To address the limited generalization of Low-Rank Adaptation (LoRA) in multimodal tasks, this paper proposes MoSLoRA—a novel subspace-aware LoRA variant. MoSLoRA reformulates LoRA by decomposing the weight matrix into two orthogonal subspaces and introducing a learnable linear mixer for dynamic fusion. Crucially, it jointly optimizes both subspace representations and mixing coefficients without increasing inference overhead and remains fully modality-agnostic. Extensive experiments across three diverse multimodal tasks—commonsense reasoning, vision-instruction fine-tuning, and topic-driven text-to-image generation—demonstrate consistent and significant improvements over standard LoRA, with substantial average gains. These results validate MoSLoRA’s effectiveness and cross-modal robustness. The core contribution lies in the synergistic design of subspace decoupling and learnable mixing, establishing a new paradigm for parameter-efficient fine-tuning.

In this paper, we introduce a subspace-inspired Low-Rank Adaptation (LoRA) method, which is computationally efficient, easy to implement, and readily applicable to large language, multimodal, and diffusion models. Initially, we equivalently decompose the weights of LoRA into two subspaces, and find that simply mixing them can enhance performance.
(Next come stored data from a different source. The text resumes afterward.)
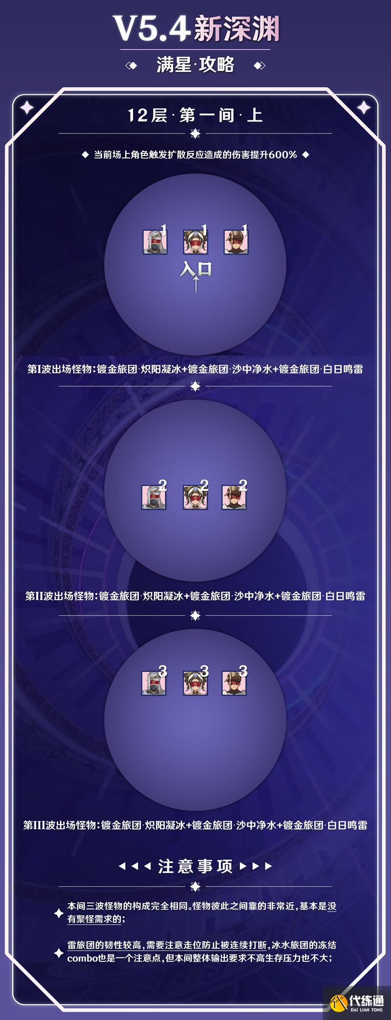 上半部分為三波鍍金旅團,每波包含冰、水、雷三種屬性的旅團成員。第一波刷新在身前,第二波刷新在身后,第三波刷新在第一波的位置。怪物站位密集,無需額外聚怪。雷旅團的血量稍厚(68萬),冰水旅團的凍結組合需要注意,但整體輸出和生存壓力不大。雷旅團韌性較高,容易打斷旅行者,需要注意走位躲避。
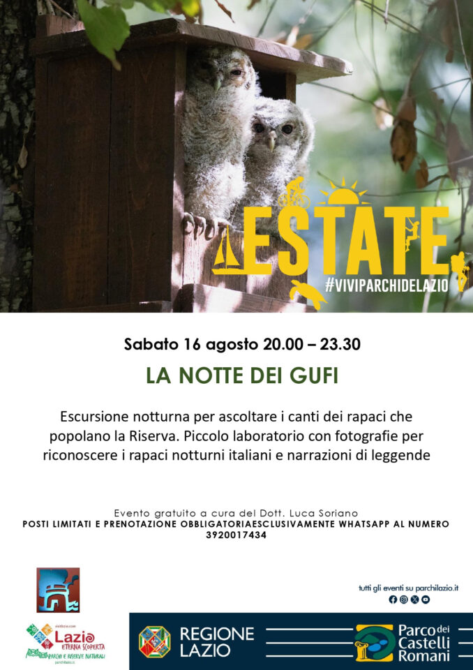 L’iniziativa gratuita, sarà arricchita da un piccolo laboratorio con fotografie per riconoscere i rapaci notturni italiani e dalla narrazione di leggende. Tutti i dettagli sono reperibili nella locandina allegata.
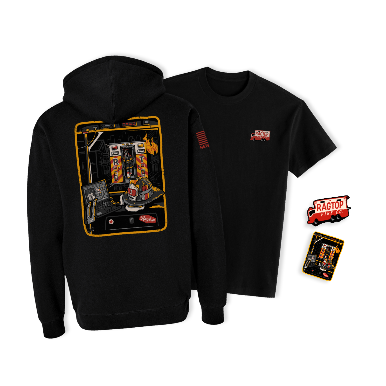 Artwork by The Tailboard Creative & RagTop Fire, Stickers by Firehouse Pride, and Printing by Brass City Ink.
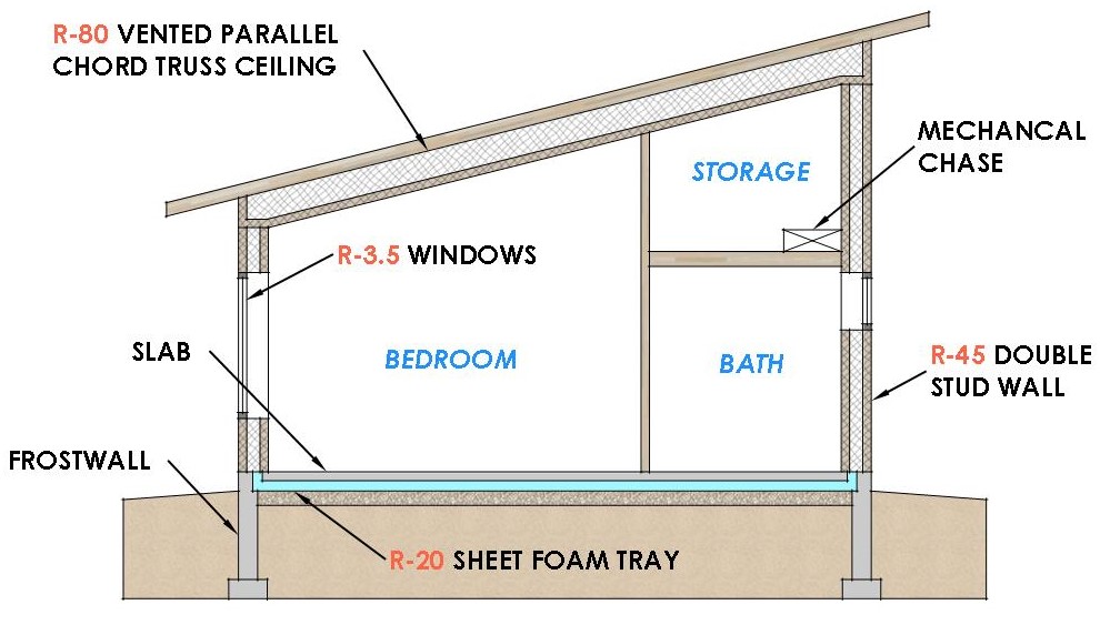 - 12″ thick double 2×4 wall with dense-pack cellulose R-45

To study such a phenomenon, we revisit it through a fine-grained subspace lens, showing that such modification is equivalent to employing a fixed mixer to fuse the subspaces. To be more flexible, we jointly learn the mixer with the original LoRA weights, and term the method as Mixture-of-Subspaces LoRA (MoSLoRA). MoSLoRA consistently outperforms LoRA on tasks in different modalities, including commonsense reasoning, visual instruction tuning, and subject-driven text-to-image generation, demonstrating its effectiveness and robustness.